David Iben put it well when he said, 'Volatility is not a risk we care about. What we care about is avoiding the permanent loss of capital.' So it seems the smart money knows that debt - which is usually involved in bankruptcies - is a very important factor, when you assess how risky a company is. We can see that Red Robin Gourmet Burgers, Inc. (NASDAQ:RRGB) does use debt in its business. But should shareholders be worried about its use of debt?
When Is Debt A Problem?
Debt and other liabilities become risky for a business when it cannot easily fulfill those obligations, either with free cash flow or by raising capital at an attractive price. Part and parcel of capitalism is the process of 'creative destruction' where failed businesses are mercilessly liquidated by their bankers. However, a more frequent (but still costly) occurrence is where a company must issue shares at bargain-basement prices, permanently diluting shareholders, just to shore up its balance sheet. Of course, debt can be an important tool in businesses, particularly capital heavy businesses. The first step when considering a company's debt levels is to consider its cash and debt together.

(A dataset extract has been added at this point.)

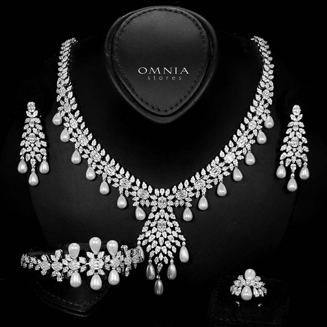 Omnia Zahrah Pearl Luxury Bridal White Pearl Full Set in High Quality Zircon Stone Rhodium Plated

Check out the opportunities and risks within the US Hospitality industry.
How Much Debt Does Red Robin Gourmet Burgers Carry?
The image below, which you can click on for greater detail, shows that at October 2022 Red Robin Gourmet Burgers had debt of US$191.3m, up from US$157.2m in one year. On the flip side, it has US$50.0m in cash leading to net debt of about US$141.3m.
How Strong Is Red Robin Gourmet Burgers' Balance Sheet?
The latest balance sheet data shows that Red Robin Gourmet Burgers had liabilities of US$205.6m due within a year, and liabilities of US$603.7m falling due after that. Offsetting these obligations, it had cash of US$50.0m as well as receivables valued at US$12.7m due within 12 months. So its liabilities total US$746.6m more than the combination of its cash and short-term receivables.
This deficit casts a shadow over the US$114.4m company, like a colossus towering over mere mortals. So we'd watch its balance sheet closely, without a doubt. At the end of the day, Red Robin Gourmet Burgers would probably need a major re-capitalization if its creditors were to demand repayment. There's no doubt that we learn most about debt from the balance sheet. But ultimately the future profitability of the business will decide if Red Robin Gourmet Burgers can strengthen its balance sheet over time. So if you're focused on the future you can check out this free report showing analyst profit forecasts.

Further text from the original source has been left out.